Password not found in database


In [7]:
print(check_password_secret("John", "abc123"))

Access Granted


In [8]:
%%timeit 
check_password_secret("John", "abc123")

433 µs ± 11.7 µs per loop (mean ± std. dev. of 7 runs, 1000 loops each)


### Self-Discovered Pepper Example 

In [9]:
pepper_bitslength = 8
pepper_bytelenght = round(pepper_bitslength/8 + 0.5)

def password_generator_salt_pepper_discovered(password):
    password_bytes = password.encode("utf-8")
    salt = secrets.token_bytes(32)

    pepper = secrets.randbits(pepper_bitslength)
    pepper_bytes = int.to_bytes(pepper, pepper_bytelenght, "big")

    new_salt = salt + pepper_bytes
    
    hashed_password = hashlib.scrypt(password_bytes, salt=new_salt, n=64, r=8, p=1).hex()
    return f"{salt.hex()}:{hashed_password}"   

def check_password_rediscovered(user, password):
    password_bytes = password.encode("utf-8")
    
    salt, hashed_password = user_database[user].split(":")
    salt_bytes = bytes.fromhex(salt)
    
    for guess_pepper in range(2**pepper_bitslength):
        guess_pepper_bytes = int.to_bytes(guess_pepper, pepper_bytelenght, "big")

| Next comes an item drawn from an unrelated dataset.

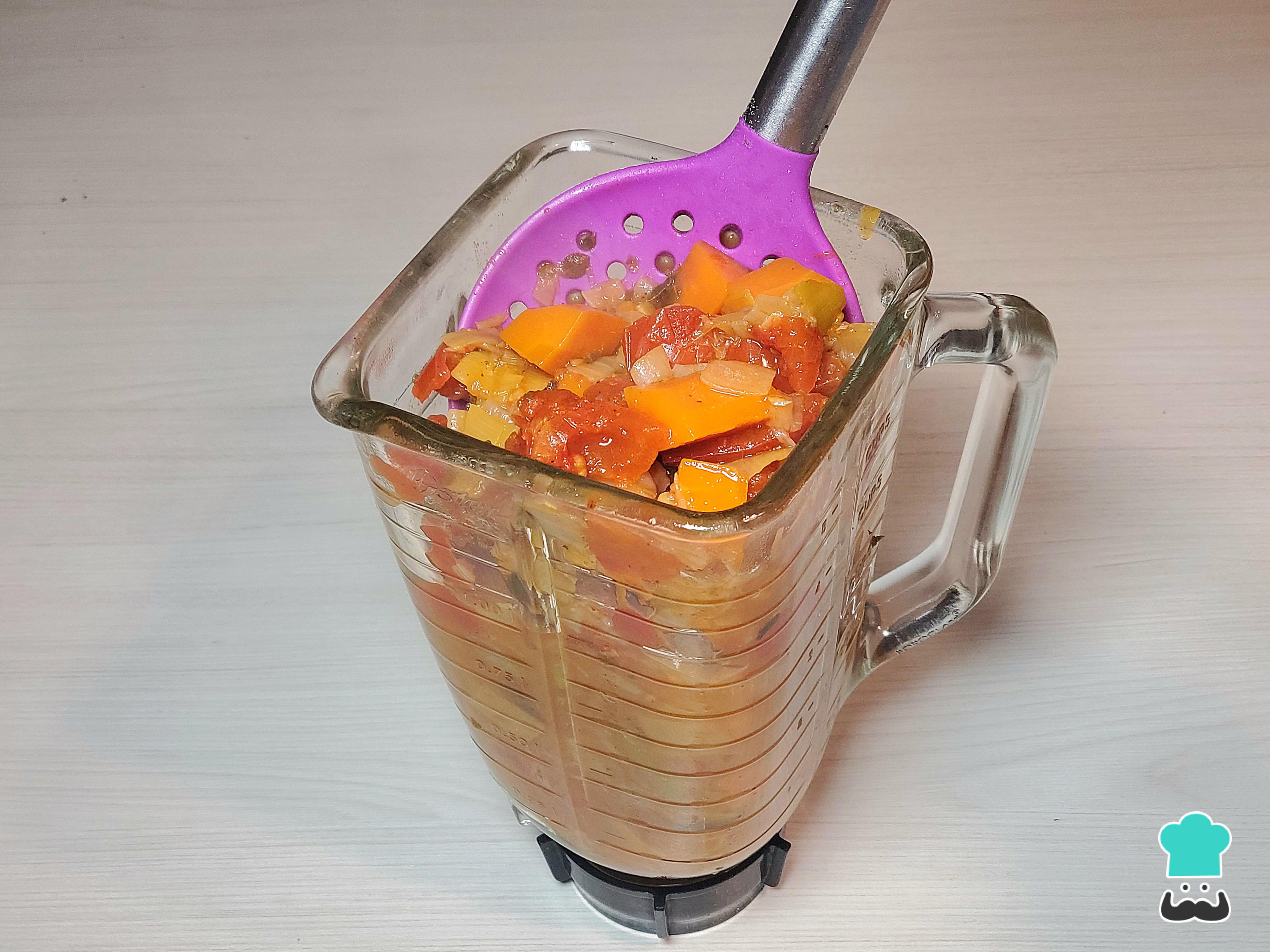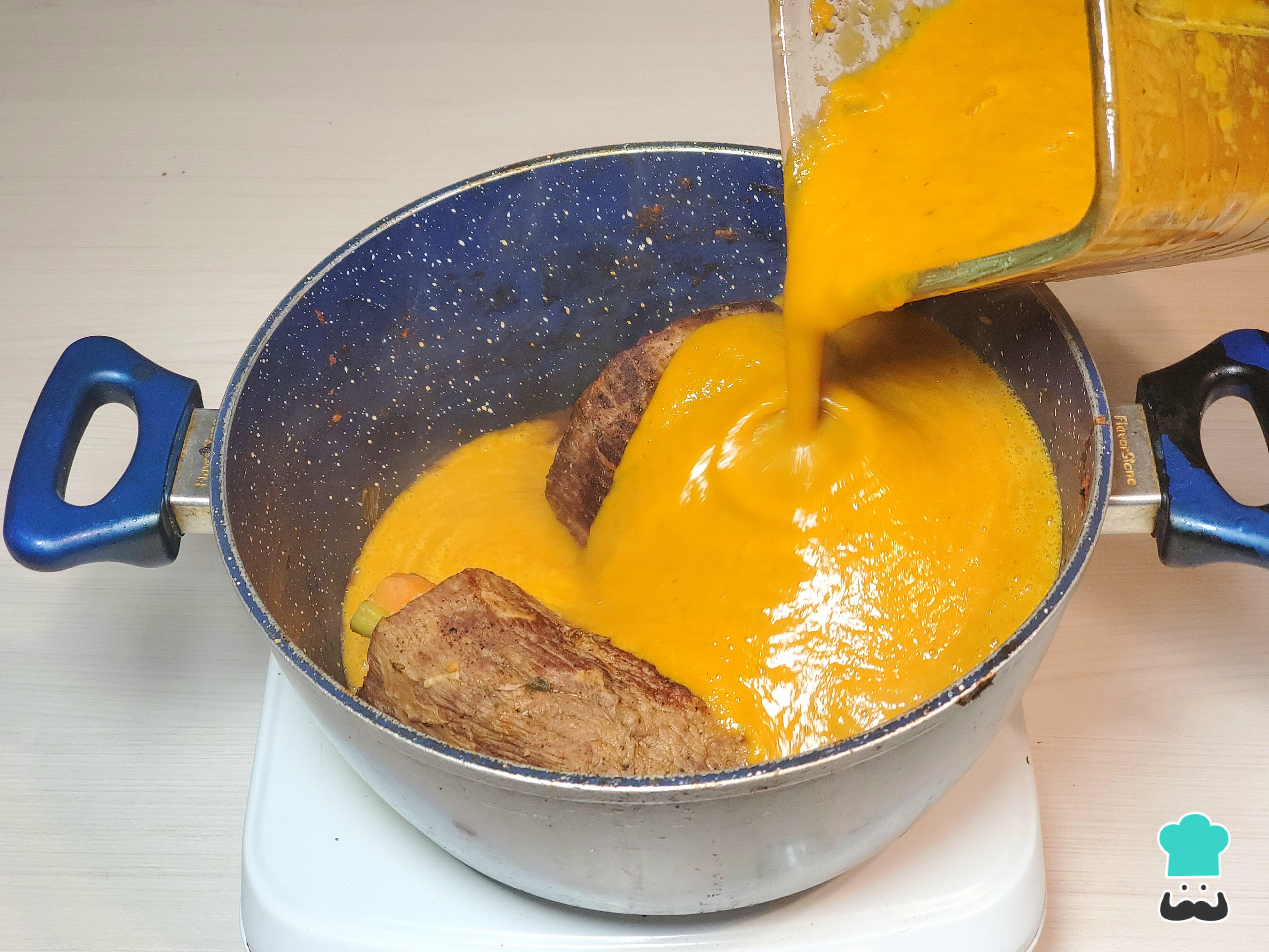 Cuando la carne esté bien cocida, retírala y córtala en rodajas. Mientras tanto, coloca todos los vegetales con el caldo de carne en la licuadora y tritúralos hasta obtener una salsa suave.

        new_salt = salt_bytes + guess_pepper_bytes

        hashed_trial = hashlib.scrypt(password_bytes, salt=new_salt, n=64, r=8, p=1).hex()
        if secrets.compare_digest(hashed_password, hashed_trial):
            return "Access Granted"
    
    return "Access Denied"

user_database = {
    "John": password_generator_salt_pepper_discovered("abc123")
}

user_database

{'John': '7fbe809bc8f1c530bb9db03a4acd2a3d5f039ccfec4d54adbb55f58b36deaa34:0a302dcf67b5911a01a16d94be792c6241c0fc7291d3689f01b1a37005b148aa0dda98f7ba4cfcc711367e108ef7eb06e5f19d163cee80465371a4a618f28f16'}

In [10]:
leaked_password = user_database["John"]

print(cracking_password(leaked_password))

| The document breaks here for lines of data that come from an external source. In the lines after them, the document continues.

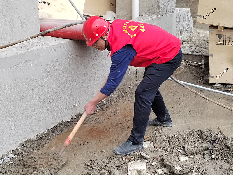 市中心醫院臨時黨支部書記姚春旭帶頭清掃淤泥
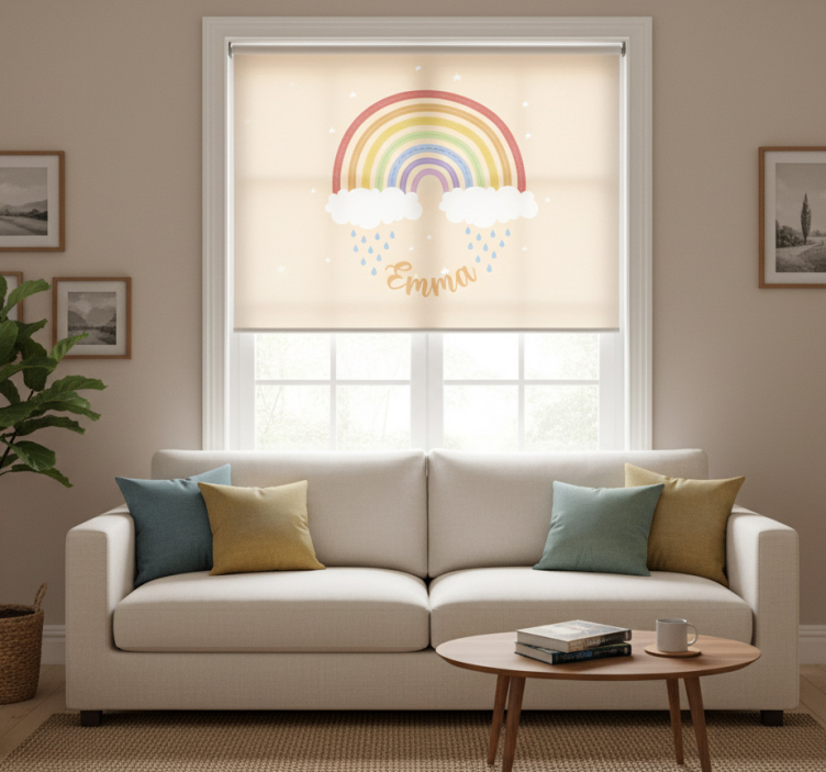 The Beige roller blind watercolor rainbow with name is more than just a functional item; it is an artistic statement! This beautiful roller blind enhances your home decor by adding a splash of color and personality, transforming ordinary windows into captivating focal points. Imagine the joy of having a personalized touch that reflects your style while providing practical benefits such as privacy and light control. It’s a perfect choice for those who want to create an inviting atmosphere!
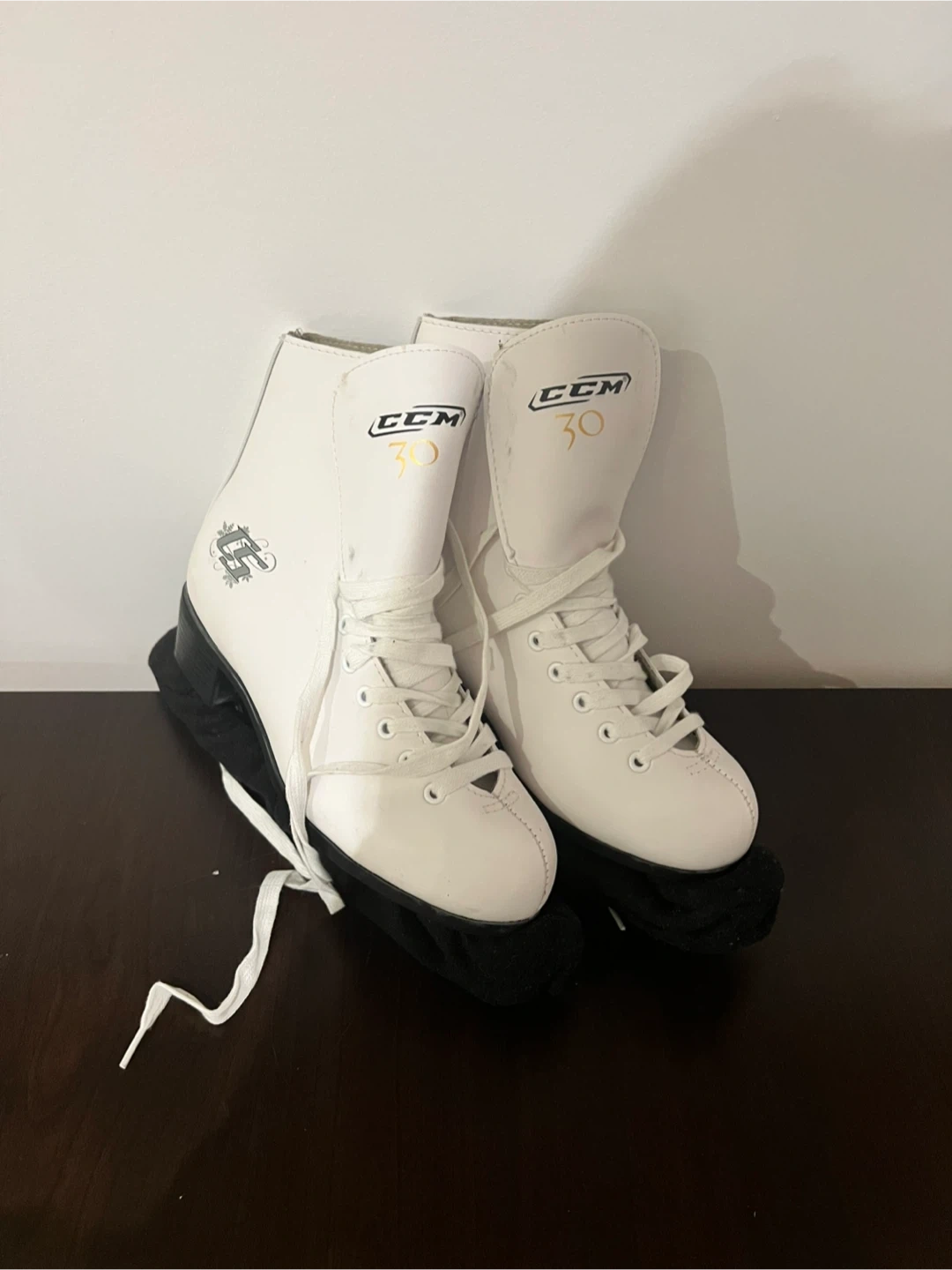 White CCM figure skates with black blade covers. Comes with laces. These skates are designed for figure skating.
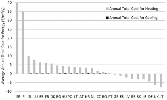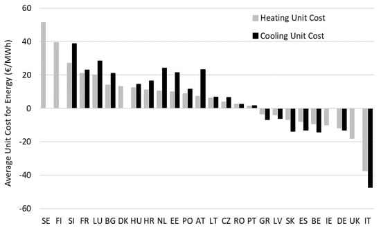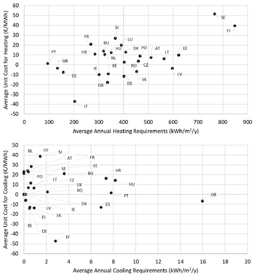 Two different costs for the greenhouses were calculated: (a) the unit cost of energy (heating and cooling) produced by the CCHP system (€/MWh) (Equations (11) and (12)); and (b) the annual total cost for heating and cooling per greenhouse unit area (€/m2/y) (Equations (13) and (14)). The former depended only on the technical efficiencies of the technology and the energy prices of each country (Figure 5), while the latter depended on the former, as well as on the annual heating and cooling requirements of each facility (Figure 6), which were directly related to the climatic conditions. In Figure 6, the heating cost is depicted using grey bars, while the cooling cost is represented using black bars. As can be seen, cooling cost is always a bit higher than heating in relative values, due to the relatively low coefficient of performance of the heat-driven absorption chiller. In countries where no cooling costs are depicted, no needs for cooling were found during the examined time period (2008–2018). Cooling needs in absolute terms were disproportionally lower than heating, which dominated the total energy costs. Figure 7 maps this parameter space in two dimensions: countries with low energy requirements and energy costs (bottom left corner) had favorable conditions for cultivation, while countries in the top right corner had high costs associated with cultivation as a result of market and weather conditions.
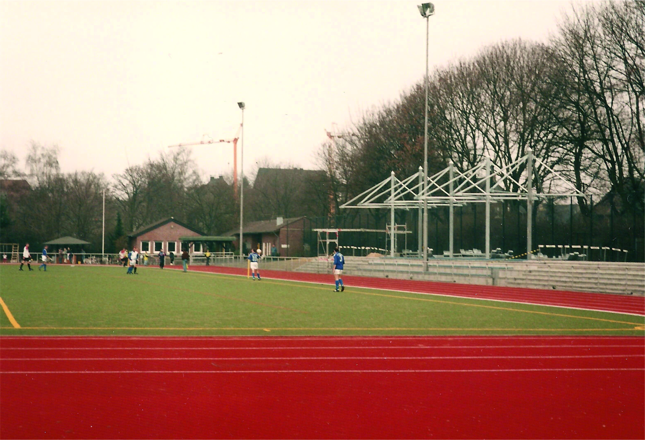 Zur besseren Beobachtung, folgte bereits zwei Jahre nach dem Belag die neue Tribüne. Die letzten baulichen Veränderungen rund um die Platzanlage ergaben sich in den Jahren von 2009 und 2010. Der Kunstrasen hatte bis dato einige Spuren von der stetigen Dauerbelastung davongetragen und wurde durch ein tieferes, mit einer Granulat/Sand-Mischung aufgefülltes Geläuf ersetzt. Außerdem entstand in der alten Hausmeisterwohnung des städtischen Gymnasiums die neue Schiedsrichterkabine der DJK.

Password not found in database


In [11]:
print(check_password_rediscovered("John", "abc123"))

Access Granted


In [12]:
%%timeit
check_password_rediscovered("John", "abc123")

10.8 ms ± 373 µs per loop (mean ± std. dev. of 7 runs, 100 loops each)


## Conclusion

Salts introduced a first layer of security on top of hashes but the hash + salt strategy is still vulnerable to parallelized brute-force attacks. Introducing a new secret sequence of bytes, called **pepper**, solves this issue. Peppers should be stored in a physically separated storage or not stored at all.